PATNA, India -- Police in eastern India have sealed a shelter for destitute women amid reports that 11 of the women are missing, police said Wednesday. Another shelter run by the same charity was closed in June after dozens of girls said they had been raped there.

The charity's director and nine of his employees have been arrested on rape charges.

The second shelter was sealed Tuesday, said police officer Anil Kumar Singh. Both shelters - one for women, the other for girls ages 7-17 - are in the town of Muzzafarpur, some 40 miles outside of Patna, the capital of Bihar state.

Workers from the state Social Welfare Department reported the women missing Monday, Singh said.

The state handed over investigation of the case Sunday to the federal government after a wave of protests and demands by the political opposition and human rights groups.

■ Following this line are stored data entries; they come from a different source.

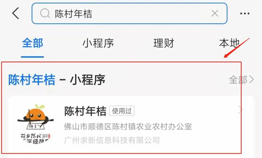 第二步:输入“陈村年桔”,点击搜索结果;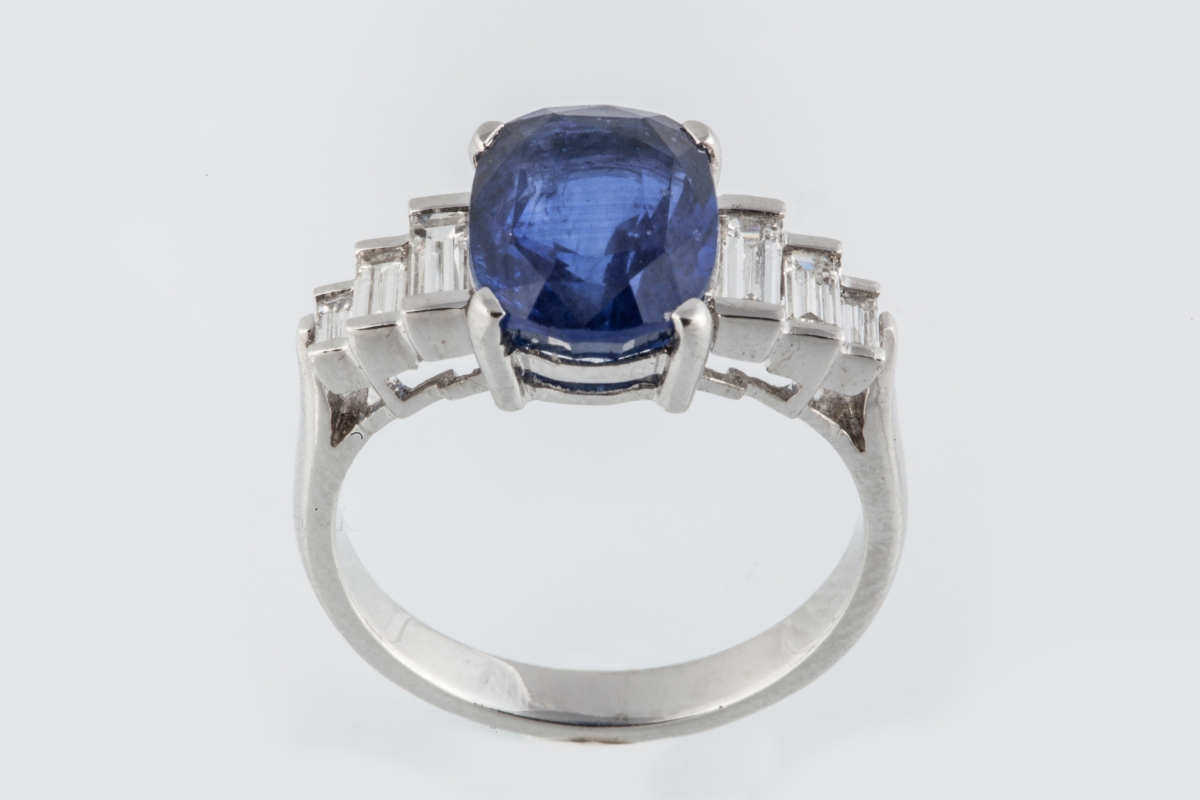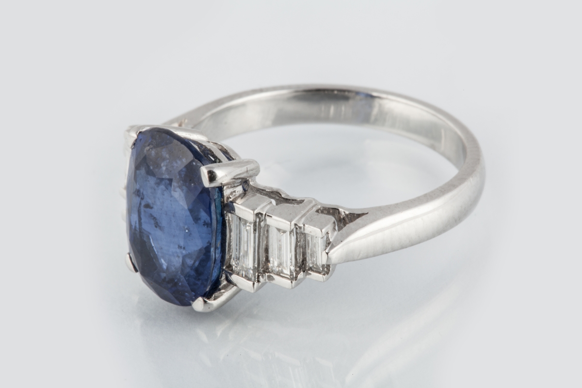 BAGUE en or blanc sertie d'un SAPHIR taille ovale de 4,55 carats épaulé de 6 diamants blancs taille baguette de 0,40 carat environ.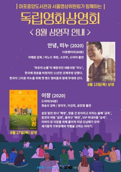 상영회는 8월부터 12월까지 매월 두 번째, 네 번째 목요일 오후 2시 30분부터 마포중앙도서관 마중홀에서 열린다.
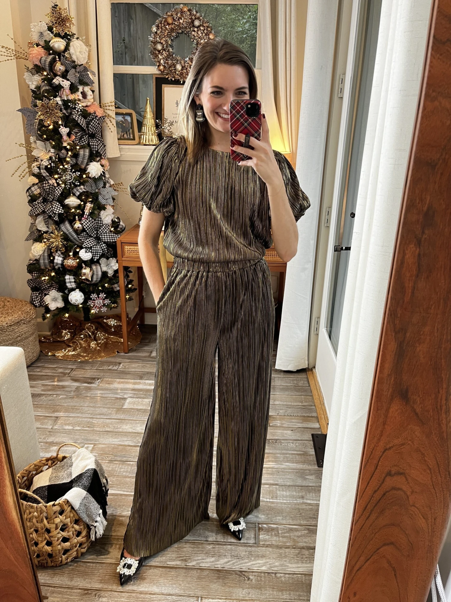 Puff Sleeve Metallic Stripe Pleats Top| S-L *Final Sale*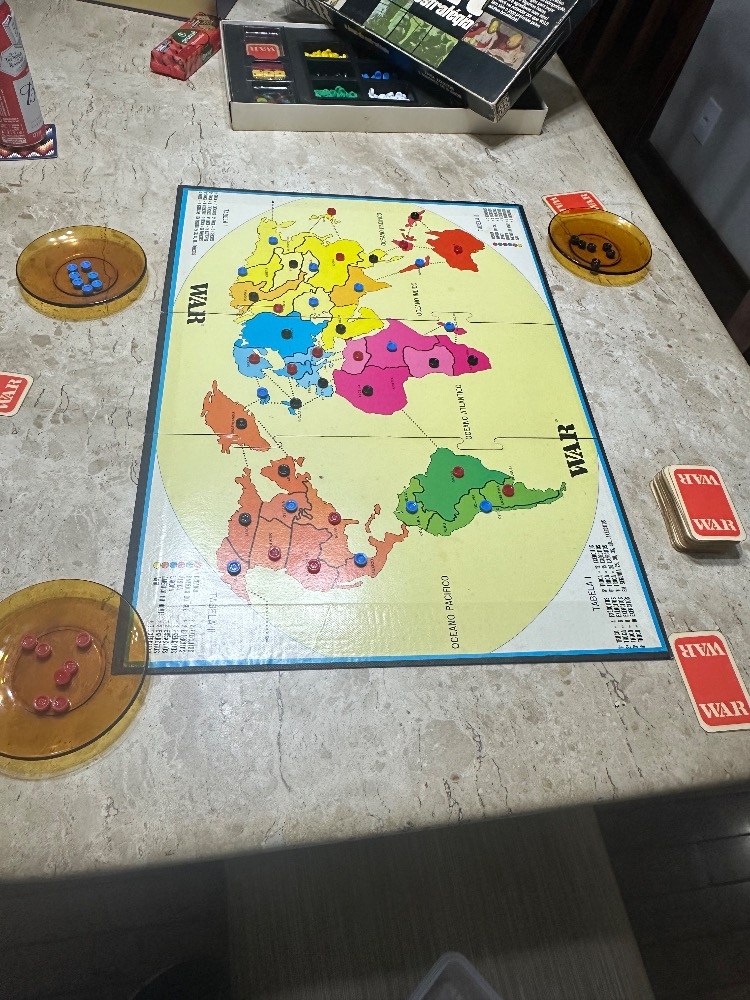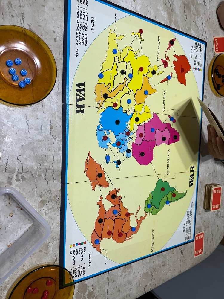 - 1 tabuleiro com um mapa contendo 6 continentes, cada um deles dividido em um determinado número de territórios.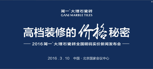3月10日,簡一大理石瓷磚也將于國家會議中心舉行“高檔裝修的價格秘密——2016簡一大理石瓷磚全國明碼實價新聞發布會”,屆時將邀請央視、南方都市報、新浪、搜狐、網易、騰訊、搜房等近40家權威媒體單位共同見證這一重大舉措。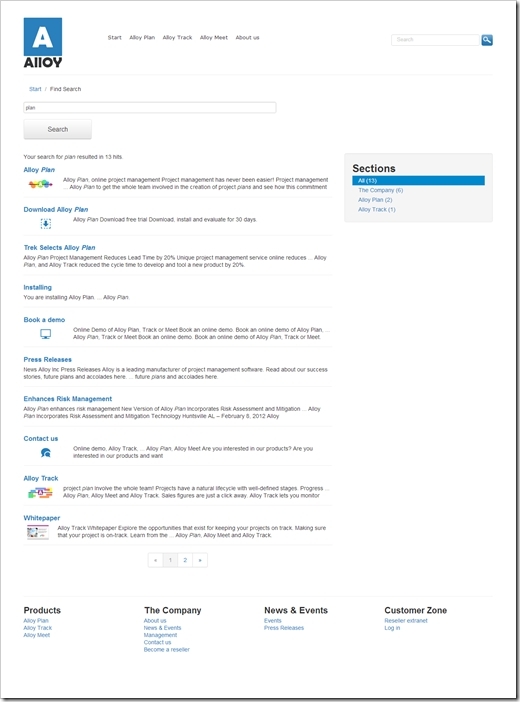 While the purpose of this post, and the code, is to show how to build a better search page for the Alloy templates most of the code and concepts are generic and can be reused on just about any EPiServer 7 site. The search page discussed in this post reuses CSS classes from Bootstrap and some from the Alloy templates and looks similar to the one that exists out-of-the-box in the Alloy templates. However, since it uses Find it offers better free text search and best bets. It also brings searching in VPP files, highlighting of keywords, a facet with filters for section on the site and paging. Using a number of properties on the search page’s page type it also allows editors to control some of it’s functionality. Below is an example of how it looks.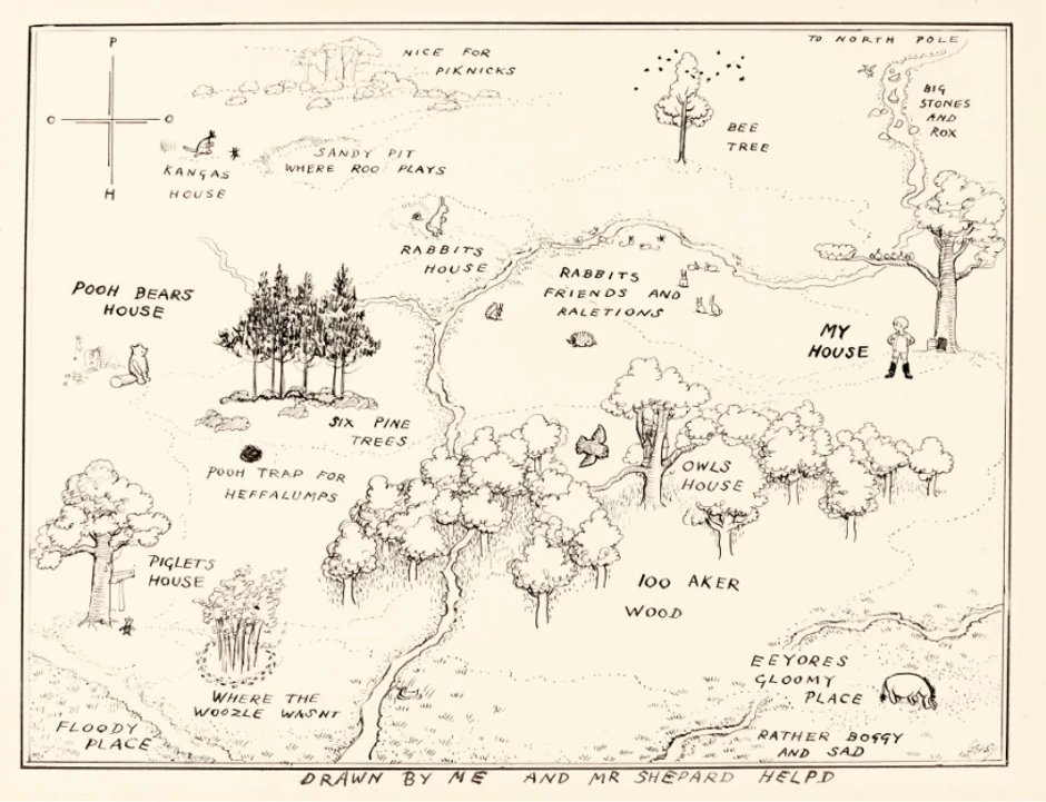 Šarmantna detinjatost Kristofera Robina prikazana je namerno nespretno ispisanim nazivima lokacija kao i kompasom sa slovima Puovog preizmena. Šepardova zabavna ličnost takođe je deo ilutsracije jer je mapa potpisana rečima "Nacrtao ja a g-din Šepard pomogo".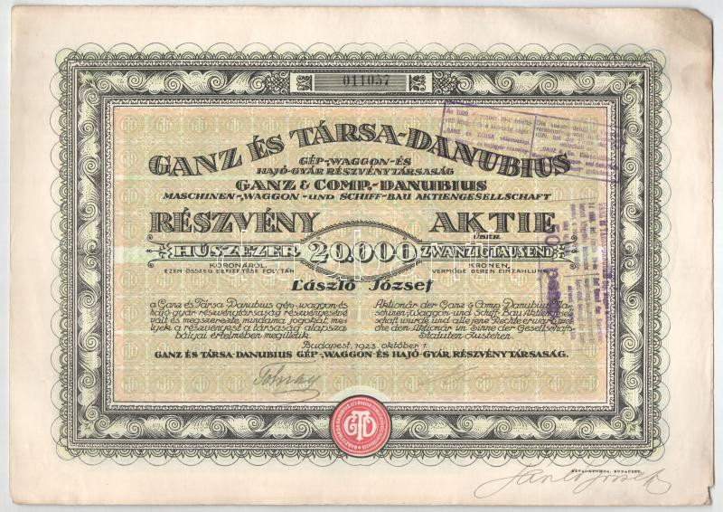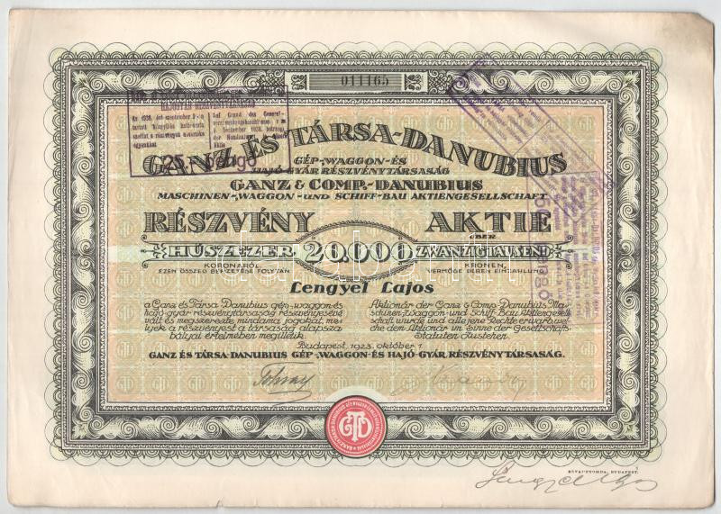 1923. Budapest "Ganz és Társa- Danubius Gép-, Waggon- és Hajó-Gyár Részvénytársaság" részvénye 20.000K-ról, magyar és német nyelven, szárazpecséttel, bélyegzésekkel és szelvényekkel (3x) T:XF-F

India's women revolt against a culture of rape 02:43

Media reports say the charity, Seva Sanklap Ewam Vikas Samiti, received about $150,000 per year from the state and federal governments to run shelters for women and girls.

Brajesh Thakur, who has run the group since 1987, has been held since early June, when authorities raided the girls' shelter.

The Mumbai-based Tata Institute of Social Sciences found evidence of trouble during an audit of the charity earlier this year. State investigators then interviewed girls at the shelter, many of whom said they had been raped.

India has been shaken by a series of high-profile sexual assaults since 2012, when a young woman was fatally gang-raped on a moving New Delhi bus. That attack sparked protests calling for more protection for women, and harsher punishments for their attackers.

Since then, India's Parliament has doubled prison terms for rapists to 20 years and criminalized voyeurism, stalking and the trafficking of women. In April, India's Cabinet passed an executive order making the rape of girls under 12 years old punishable by the death penalty.

But despite the increasingly stringent laws, women often remain relegated to second-class citizenship in Indian courts and police stations.